The actual search of RSpace is performed by this script.

To run this you'll need:

* An OpenAI API key
* An account on https://community.researchspace.com, and an RSpace API key. (It's free to set up).
* Python RSpace client, OpenAI API and various dependencies:
 - `pip install rspace_client notebook requests openai scipy tenacity tiktoken termcolor`

### Setup

Here we import everything we need and  check RSpace API connection:

In [12]:
import os
from rspace_client.eln import eln
import json
import openai
import requests
from termcolor import colored
from tenacity import retry, wait_random_exponential, stop_after_attempt

eln_cli = eln.ELNClient(os.getenv("RSPACE_URL"), os.getenv("RSPACE_API_KEY"))
print(eln_cli.get_status())
## Open AI API key should be an environment variable: OPENAI_API_KEY=<YOUR KEY>
GPT_MODEL = "gpt-4" ##gpt-3.5-turbo is alternative option. 

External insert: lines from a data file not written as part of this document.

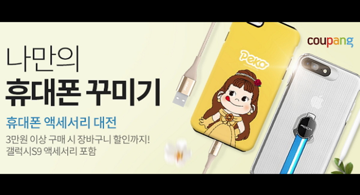 오는 29일까지 진행되는 이번 행사는 인기 캐릭터 휴대폰 케이스부터 스마트링까지 쿠팡이 선별한 총 860여개 휴대폰 액세서리를 선보인다.
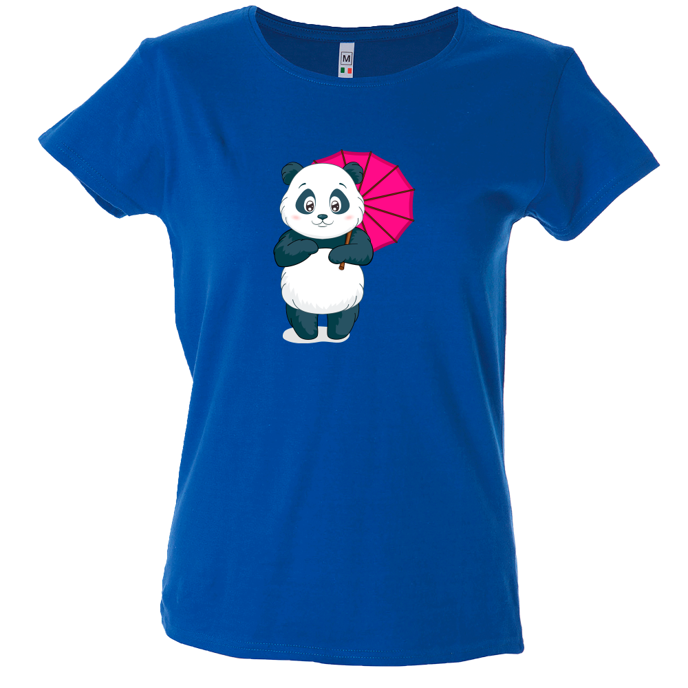 Camiseta mujer de manga corta con cinta de refuerzo en el cuello con diseño de panda paraguas
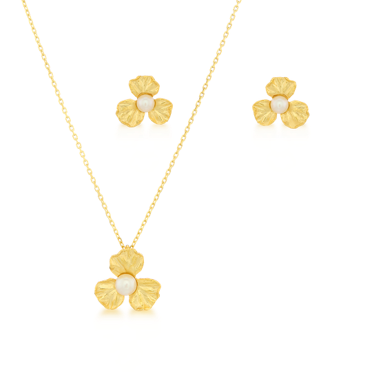 Conjunto em prata dourada com pérolas de água doce. Leve, elegante e perfeito para o dia a dia ou para oferecer com significado.
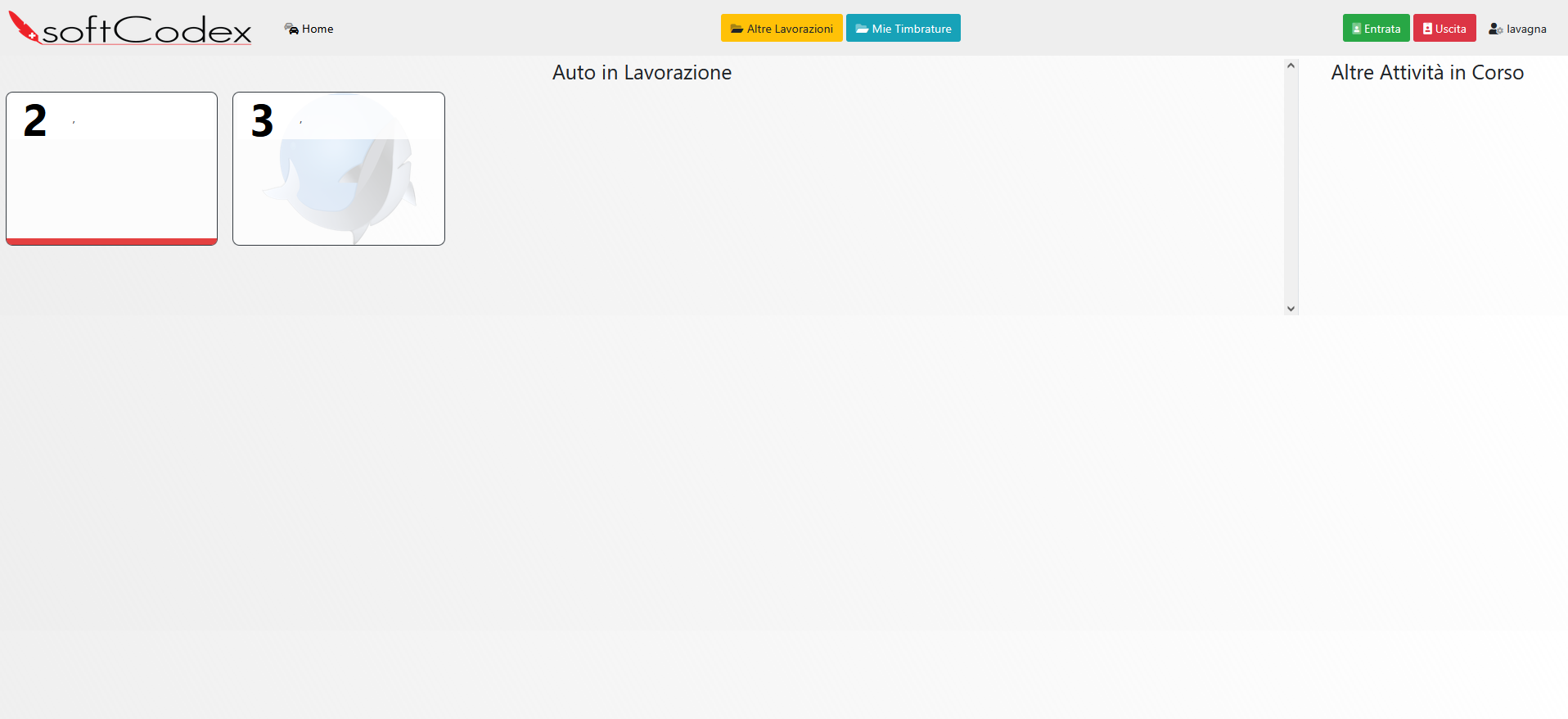 Una volta effettuato l'accesso, la lavagna presenta un'interfaccia ottimizzata per l'ambiente di lavoro della carrozzeria. La schermata principale mostra le sezioni "Auto in Lavorazione" e "Altre Attività in Corso", permettendo ai collaboratori di visualizzare immediatamente le attività disponibili.
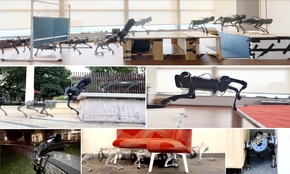 그런 다음, 연구팀은 실제 로봇개를 사용하여 광범위한 실험을 수행하여 로봇개의 기존 컴퓨팅 시스템, 시각 센서 및 전력 시스템만을 사용하여 까다로운 환경에서 새로운 장애물에 접근하는 방식을 입증했다.
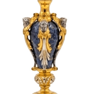 O nó central é artisticamente trabalhado com figuras em relevo e acabamento esmaltado escuro, criando um contraste elegante com o dourado predominante. Já o corpo do cálice traz delicados relevos e detalhes clássicos inspirados na tradição europeia, reforçando sua identidade nobre.

{'message': 'OK', 'rspaceVersion': '1.91.1'}


### Boilerplate

- sending request to OpenAI API
- pretty-printing results

In [13]:
@retry(wait=wait_random_exponential(multiplier=1, max=40), stop=stop_after_attempt(3))
def chat_completion_request(
    messages, functions=None, function_call=None, model=GPT_MODEL
):
    headers = {
        "Content-Type": "application/json",
        "Authorization": "Bearer " + openai.api_key,
    }
    json_data = {"model": model, "messages": messages}

    if functions is not None:
        json_data.update({"functions": functions})
    if function_call is not None:
        json_data.update({"function_call": function_call})
    try:
        response = requests.post(
            "https://api.openai.com/v1/chat/completions",
            headers=headers,
            json=json_data,
        )
        return response
    except Exception as e:
        print("Unable to generate ChatCompletion response")
        print(f"Exception: {e}")
        return e

In [14]:
role_to_color = {
    "system": "red",
    "user": "green",
    "assistant": "blue",
    "function": "magenta",
}


def pretty_print_conversation(messages):
    """
    Prints color-coded messages according to their role
    """

    for message in messages:
        if message["role"] == "system":
            print(
                colored(
                    f"system: {message['content']}\n", role_to_color[message["role"]]
                )
            )
        elif message["role"] == "user":
            print(
                colored(f"user: {message['content']}\n", role_to_color[message["role"]])
            )
        elif message["role"] == "assistant" and message.get("function_call"):
            print(
                colored(
                    f"assistant: {message['function_call']}\n",
                    role_to_color[message["role"]],
                )
            )
        elif message["role"] == "assistant" and not message.get("function_call"):
            print(
                colored(
                    f"assistant: {message['content']}\n", role_to_color[message["role"]]
                )
            )
        elif message["role"] == "function":
            print(
                colored(
                    f"function ({message['name']}): {message['content']}\n",
                    role_to_color[message["role"]],
                )
            )

Performs the conversation. Sends  messages and functions to OpenAI's Chat completion API.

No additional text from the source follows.